A drug is always a statement about the time in which it is consumed. What does it mean that the former intoxicant of the counterculture has become a self-optimization stimulant for the performance society?

The West is beginning to realize that the need for control is in large part responsible for the suffering of humanity. To counteract this, work areas are created that rely less on hierarchical structures and rather promote team spirit. Our world is becoming more and more chaotic and dense. If you want to assert yourself in this, you have to think creatively and adapt quickly. At the same time, there are more and more decentralizing technologies that enable the individual to create projects.

At most, this applies to a small part of the world's population.

Perhaps, but more and more people are breaking out of the traditional model in order to work as freelancers or consultants for interesting ideas or projects that make sense. Microdosing represents increasing self-empowerment in the workplace.

In the late '68s, LSD was synonymous with counterculture and rebellion. Today it is supposed to make us efficient super people. Where is that supposed to lead?

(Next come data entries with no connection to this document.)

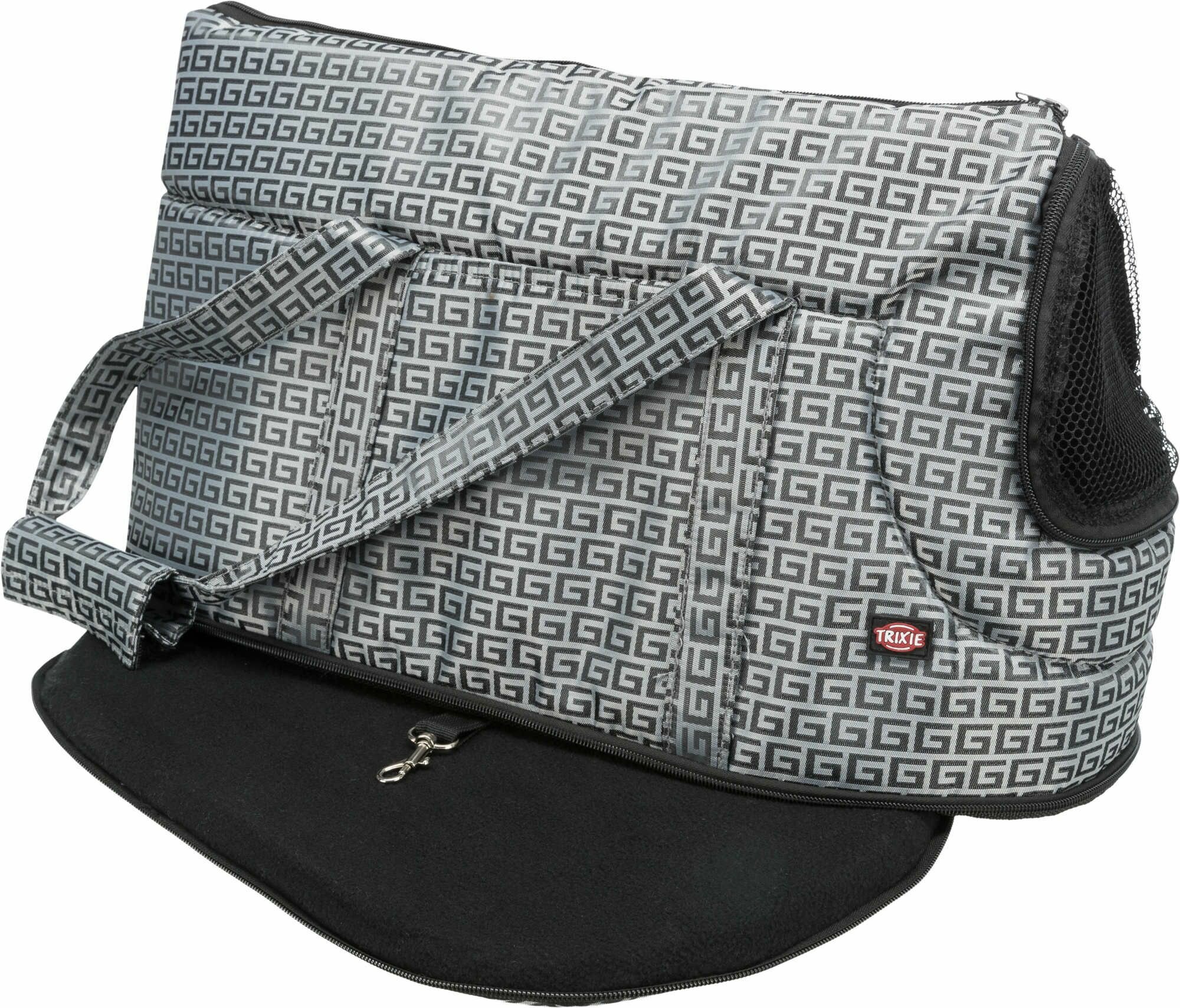 Внутри сумка отделана мягким флисом и для безопасности имеет внутри короткий поводок с карабином для безопасности питомца.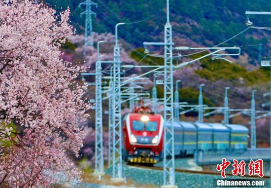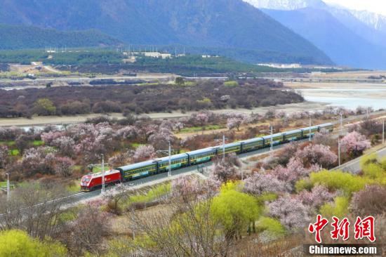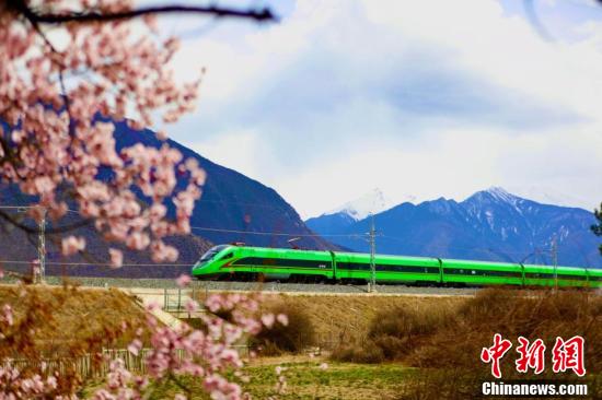 En avril, les pêchers le long du chemin de fer Lhassa-Nyingchi sont en pleine floraison. Sous le ciel bleu et les nuages ??blancs, les fleurs de pêcher rougissent et viennent compléter le tableau des montagnes enneigées au loin, attirant de nombreux touristes pour découvrir le charme unique du printemps sur le plateau. Lorsque les trains traversent la mer de fleurs, ce que vous voyez, ce sont des fleurs de pêcher partout dans les montagnes et les champs, donnant aux gens l'impression d'être dans le magnifique ? Jiangnan ?.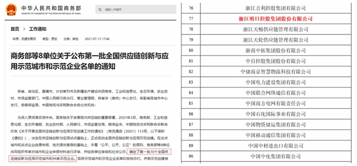 7月12日,浙江明日控股集團(tuán)股份有限公司獲評(píng)首批全國(guó)供應(yīng)鏈創(chuàng)新與應(yīng)用示范企業(yè)。此次商務(wù)部等八部門秉持“公開、公平、公正”原則在前期266家全國(guó)供應(yīng)鏈創(chuàng)新與應(yīng)用試點(diǎn)企業(yè)中評(píng)審精選94家作為首批全國(guó)示范企業(yè),“試點(diǎn)”變“示范”是對(duì)明日控股在保障塑化供應(yīng)鏈穩(wěn)定、賦能現(xiàn)代供應(yīng)鏈發(fā)展特別是疫情期間突出貢獻(xiàn)的充分肯定。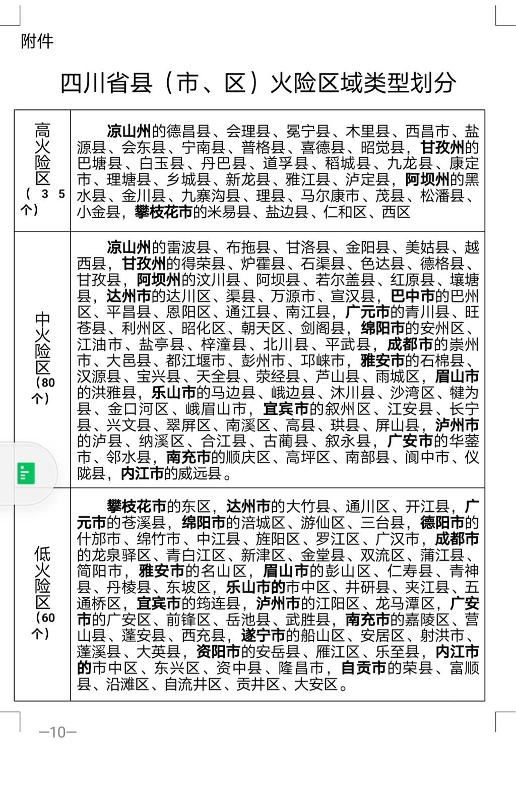高火险区有35个县(市、区),全部分布在甘孜州、阿坝州、凉山州和攀枝花市;中火险区有80个县(市、区);低火险区有60个县(市、区)。详见后文。
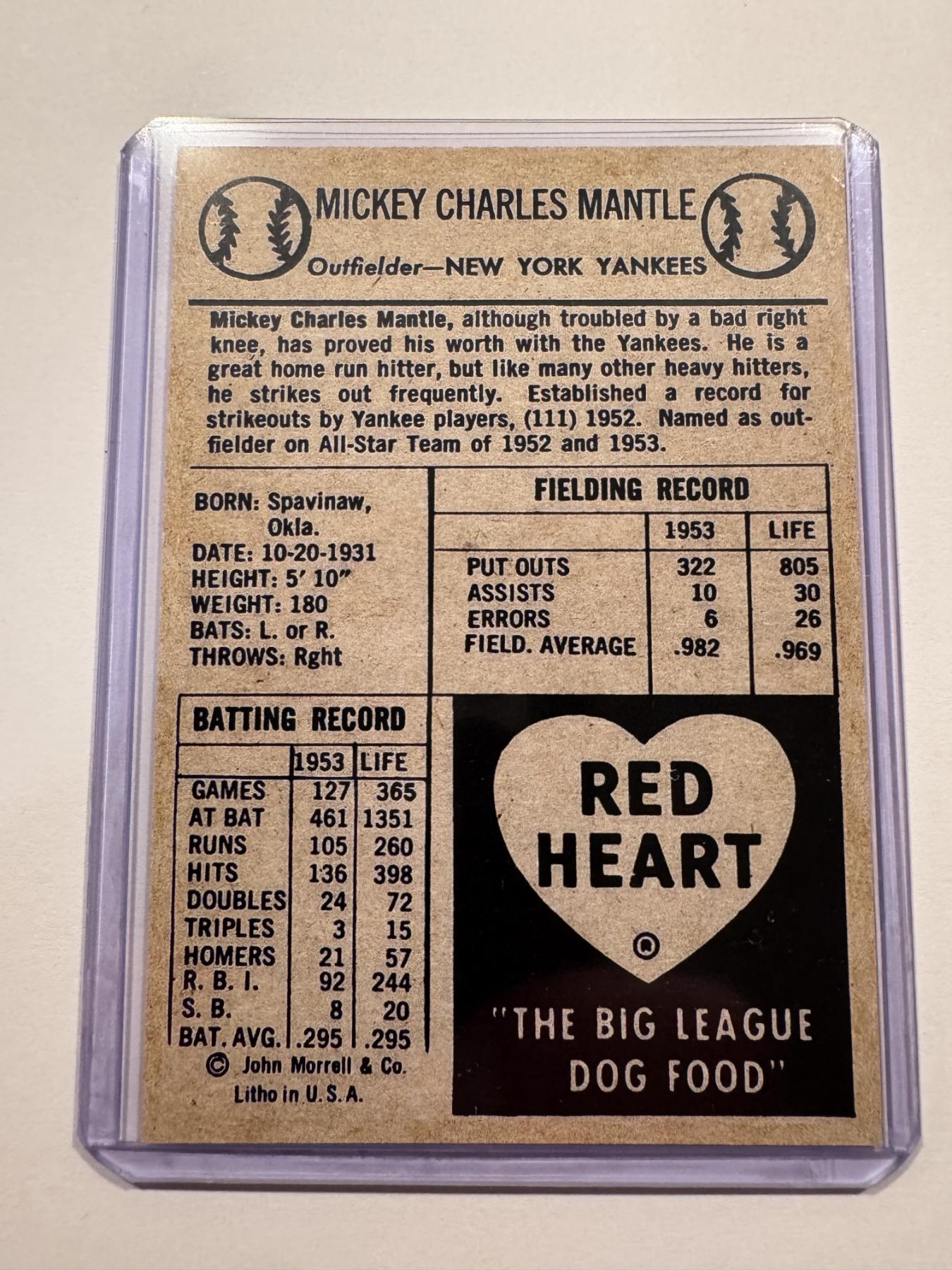 1954 Mickey Mantle Red Heart Archive Baseball Card In Protective Holder - Mint Condition

It is a neutral tool that can be used for good or bad. Those who are more efficient have to work less. What used to take us 40 hours can now be done in 20. That creates more time for family, friends or traveling. Everyone can form their own narrative.

I'm not sure if this equation works out. Western societies are already struggling with the common disease of burnout. How does the body keep up with that?

As a startup founder, I've already felt the signs of burnout. But I took the time to evaluate how much I should and want to work. Becoming more adaptable to a system that is already sick surely cannot be positive.

Suppose psychedelic substances actually have all of these wonderful abilities that you attribute to them. What would a society look like in which all people “microdose”?

People would have a different relationship to work, they would invest more time in friends or nature. When you feel more connected, your social and ecological perception also changes. It may well be that this would also change the political systems, people would organize themselves differently and, for example, overcome nationalism. They could overcome boundaries that they impose on themselves.

That sounds a lot like hippie thinking now. Speaking of which: the counterculture once invented the LSD slogan “Turn on, tune in, drop out”. What should it be today?

Good question, I have to think about it a little longer. So far I don't have a slogan, but a quote on my website. It reads: The Third Wave is a new psychedelic age. It's an era where it's not about getting out and rebelling, but about making psychedelics part of our mainstream. One shouldn't fear their negative effects, but rather embrace their incredible benefits.